A business case for moving the Auckland port won't factor in the tourism potential of the improved railroad – because nobody knows yet what that is. It won't allow for the upstream exports: all those Northland companies that will be able to get their goods to market more cheaply.
KiwiRail CEO Greg Miller believes Kaikohe will become as prosperous in the future as Te Puke in the Bay of Plenty is now. No business case for the port can include that, because it's too long-term and there are far too many variables.
A business case won't ask if wharfies should be helped to make better lives for their families by moving with the port, or just be made redundant.
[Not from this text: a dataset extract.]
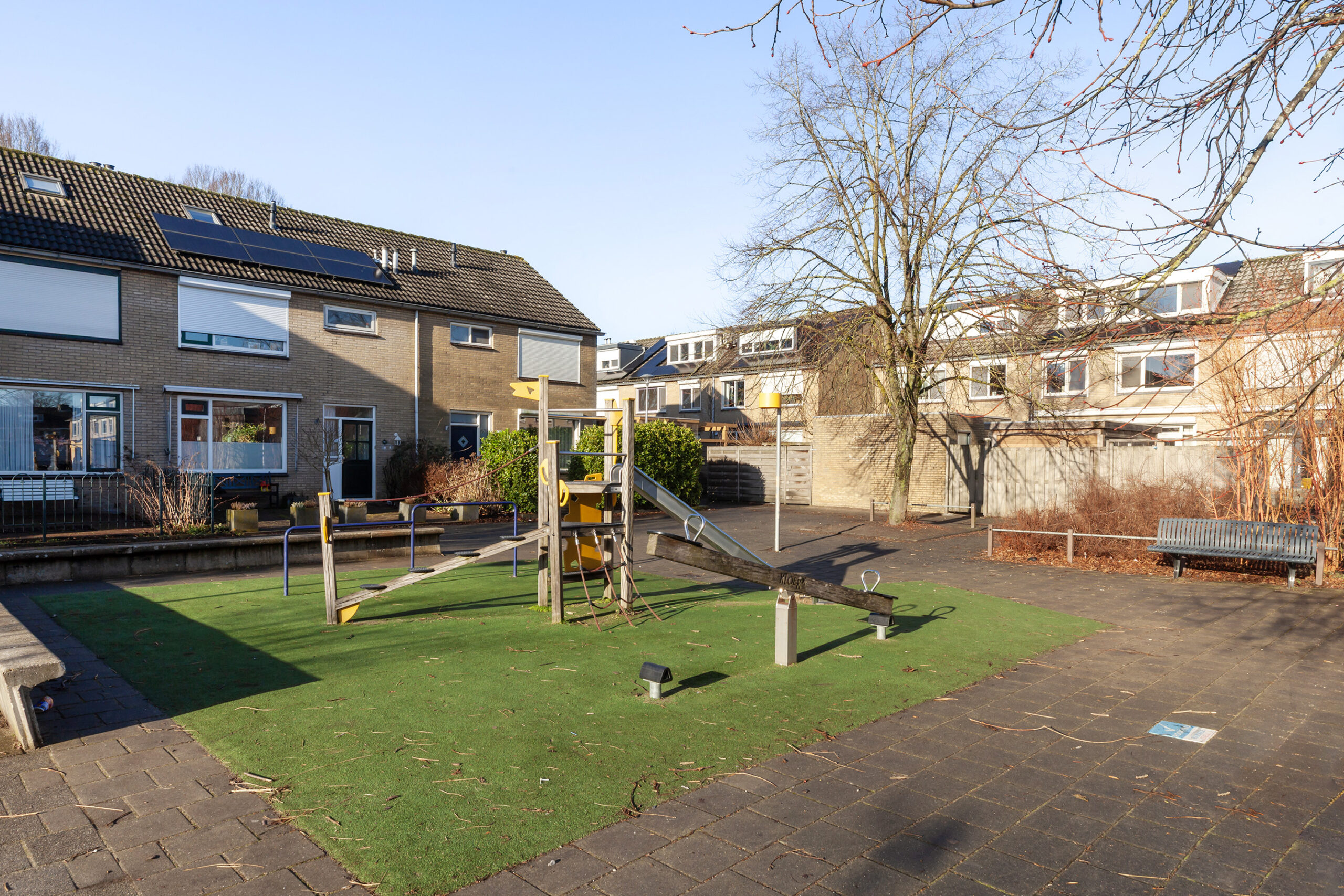Zoals eerder gezegd staat de woning in een kindvriendelijke woonomgeving. Deze ruim opgezette wijk met veel groen en speelplaatsen biedt dan ook veel voor gezinnen. Langs de Tiendweg is het heerlijk om even een ommetje te wandelen.

It won't consider the opportunity costs: the value we don't get because assets are used for one thing and not another. There's enormous opportunity cost in the port land, and also in Grafton Gully and on those parts of State Highway 1 currently clogged up with freight.
How much of the port land will be used commercially and at what price? Ports of Auckland says the land is worth less than a billion dollars, so the reports it commissions from consultants reflect that view.
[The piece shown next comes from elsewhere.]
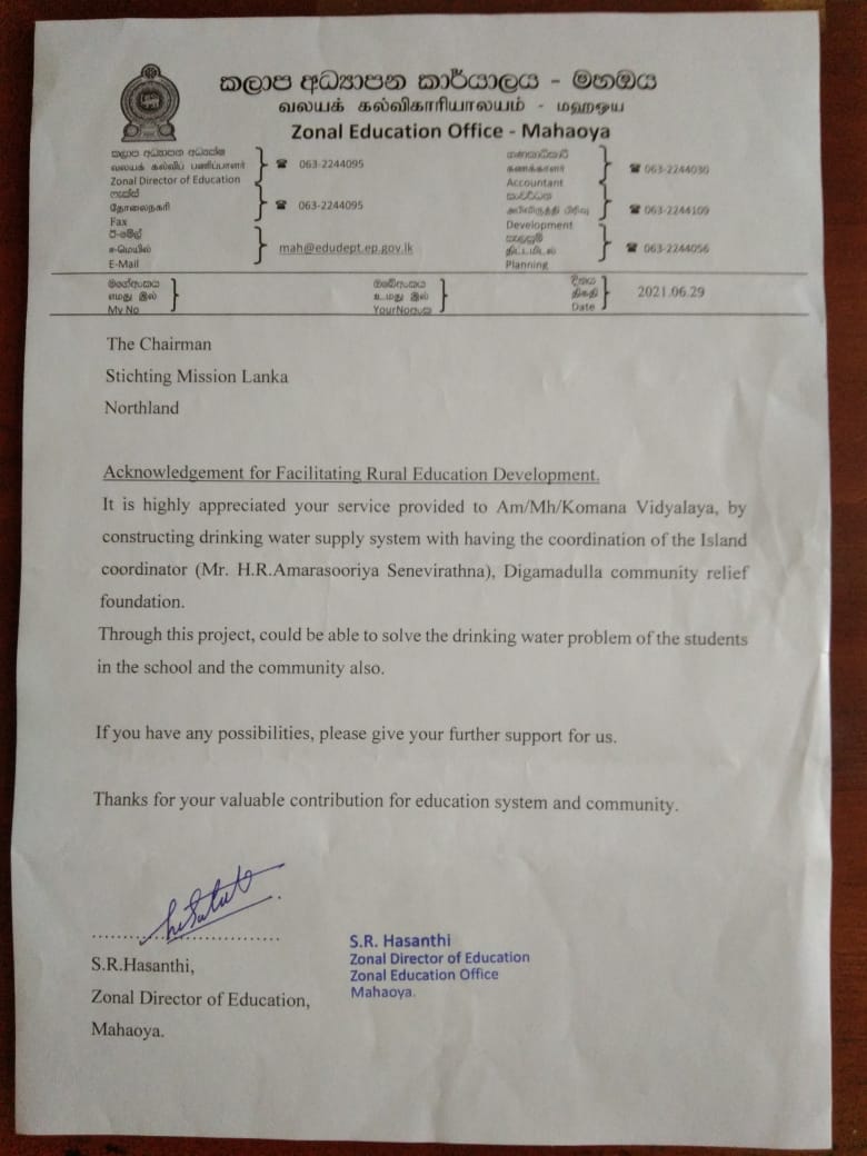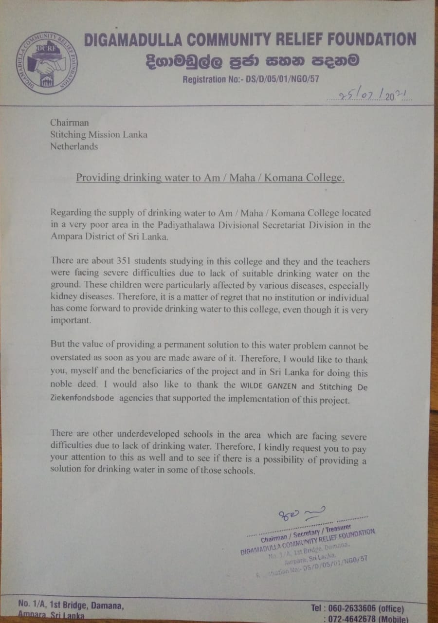 het aanpakken. De meeste scholen in de plattelandsdorpen in het Ampara-district doen dat niet hebben toegang tot drinkwater en een daarvan is Am / Maha / Komana Vidyalaya. Dit college is gevestigd in het afdelingssecretariaat van Padiyathalawa. Dit gebied is een

But others say it's worth much more. The Upper North Island Supply Chain (UNISC) working group settled on $6 billion, but said they'd been advised by property developers it was worth anything from $3b to well over $20b. Whoever does a business case will have to chose a figure, and everyone else will dispute it.
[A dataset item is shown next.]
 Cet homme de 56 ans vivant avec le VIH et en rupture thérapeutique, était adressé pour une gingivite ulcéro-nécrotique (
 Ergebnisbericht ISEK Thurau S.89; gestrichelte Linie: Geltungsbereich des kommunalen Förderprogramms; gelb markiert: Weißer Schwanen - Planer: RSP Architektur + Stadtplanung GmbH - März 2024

What about the non-commercial uses of the land? How valuable will new beaches and parks be? What about the improved sailing on the Waitematā?
How do you measure the value of the mana that will accrue to Ngāti Whātua Ōrākei if, as they want, they buy their way into a leading role in the whole enterprise, and therefore into a leading role in the economic and social life of the city?
And then there's electric rail. It's not even proposed by UNISC, which merely notes that the environmental benefits would be greater than with diesel-powered rail. But the heart of the UNISC plan is that over time 70 per cent of our freight be carried by rail. Currently it's just 12 per cent.
That proposal has the potential to make the entire rail network electric, and if that happens it will be one of the most valuable of all outcomes when we move the port. Think carbon emissions, think long-term financial benefits.
And there's more. This project opens the door to any of the really big waterfront projects we might want to embrace. A museum on the waterfront? A stadium? There will be room to build big now, without crowding out everything else.
Many people have raised relatively small and solvable problems about the Northport plan. Of course they all need to be worked through. But the underlying thinking that reveals – we can't do this because the idea isn't perfect yet – is an enemy of progress.
The plan challenges us to make big changes for the better. It doesn't guarantee them, it enables them. We still have to make them happen.
Others ask, why the rush? But nobody's telling the port to clear out by the end of next week. The working group proposed a "progressive" withdrawal. The railway will develop in stages, over several years: tunnels made ready on the single line, more passing bays, eventually double tracking and new tunnels; diesel and then electric; new spurs and connecting lines. It will be similar at the ports: a staged expansion over several years at Northport and Tauranga, and a staged withdrawal at Auckland.
But we needed that commitment now to close, to stop Ports of Auckland wasting money with its own expansion plans: dredging the harbour, building a hotel on the land and so on.
This is what wrestling with the threats and opportunities of the 21st century looks like. Climate change, population pressures, enduring poverty and more require transformational policies. They're all difficult and they all require ambition and courage.
Knowing the cost of things is important. Believing the business case will tell you everything is for the small minded.